この試合は議論が分かれる判定だったものの、スーパーフライ級にあげてからのロマゴンはかつての絶対的な強さに陰りが見えており、長年かけて勝ち取ってきたその評価も危ぶまれています。ロマゴンは挑戦者ながら、敗戦が許されないリスキーな一戦となっています。

シーサケットが豪快なKOでロマゴンを下す

WBC世界スーパーフライ級タイトルマッチ

◯王者 シーサケット・ソー・ルンヴィサイ (タイ)
4R KO
●挑戦者 ローマン・ゴンサレス (ニカラグア)

1R: 前戦では1Rから激しい打ち合いとなり、ロマゴンがダウンを奪われる展開となったが、今回はお互いが手の内を分かっているからか静かな立ち上がりに。圧力で上回るシーサケットとそれを捌くロマゴンという構図で試合が進む。大きな展開はないが手数で上回ったシーサケットがこのラウンドを取る。

2R: やはりスーパーフライ級ではロマゴンは体力的に劣勢を強いられ、シーサケットの圧力に下がらされる。1Rから頭がぶつかるシーンがあり、前戦では出血に見舞われたロマゴンはこれを過剰に気にする場面も。終盤には初めて打ち合いとなり、ロマゴンのパンチが的確にヒットする。

3R: 2R終盤の打ち合いで火がついたか、前戦を思わせる激しい打ち合いが展開される。ロマゴンのパンチがシーサケットの顔面を捉えるも、タフなシーサケットはそれに怯まず前進を続ける。クリーンヒットを奪ったロマゴンが盛り返したか。

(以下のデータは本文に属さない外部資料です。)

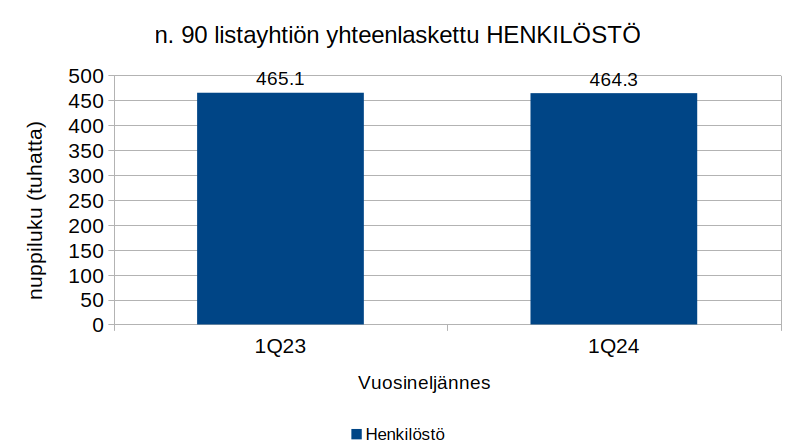 Tarkasteltujen yritysten yhteenlaskettu henkilöstön määrä oli maaliskuun päättyessä noin 464 tuhatta. Vuotta aiemmin määrä oli vastaavasti noin 465 tuhatta. Muutosneuvottelu-uutisia tuntuu tulevan melko taajaan.
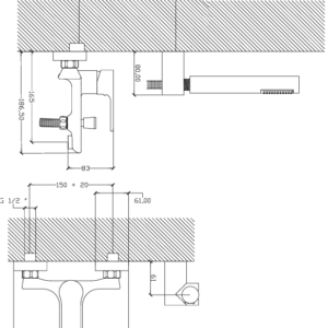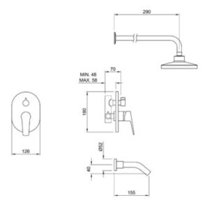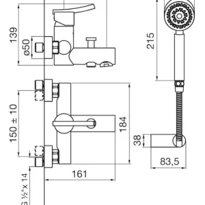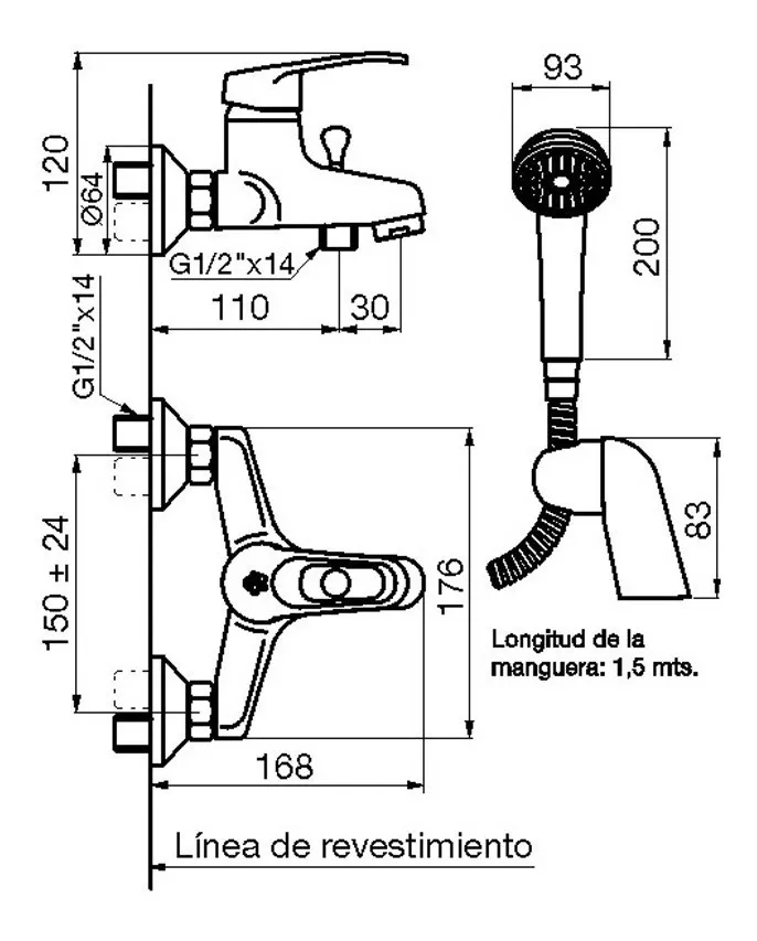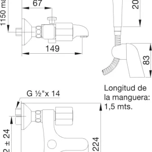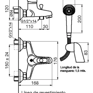 Juego monocomando exterior pared, para bañera y ducha, con transferencia automática y ducha manual autolimpiante incluída.

4R: お互いの攻撃が交錯するスリリングな展開の末に、開始30秒ほどでシーサケットの右フックがヒットしてロマゴンがダウン。ダメージが色濃く残るダウンで、すかさずシーサケットが勝負に出る。ほどなくしてシーサケットの右フックがカウンターでモロに入るとロマゴンがバッタリと倒れて、レフェリーが試合をストップ。

ロマゴンとしてはキャリア初のKO負け。しばらく立ち上がれないほどの衝撃的なKO決着の末にシーサケットがロマゴンを続けざまに退けた。

ロマゴン時代の終焉となる結末に

キャリア46戦全勝と、軽量級の強さの象徴として絶対的な地位を築いてきたローマン・ゴンサレスですが、シーサケットにまさかの連敗を喫しています。

今年3月の初戦では議論が分かれる判定の末に敗れており、実力ではまだロマゴンの方が上回っているのではという声が多かったものの、再戦でシーサケットが文句のつけようのないKO勝利を収めており、ロマゴンにとっては時代の終焉を象徴する敗戦となりました。

かつては「かませ犬ファイター」として負け試合で小銭を稼ぐために来日していたシーサケットが頂点に君臨し、絶対的な王者であるロマゴンがリングに沈む様はボクシングの醍醐味を濃縮した試合とも言えるでしょう。

スーパーフライ級にスポットライトが当てられた異例の今大会は、軽量級が新しい時代に突入したことを強く感じさせる結末に。この試合に勝利したシーサケットは、挑戦者決定戦を制したエストラーダとの対戦が決定しており、今後もスーパーフライ級戦線のストーリーが続いていきます。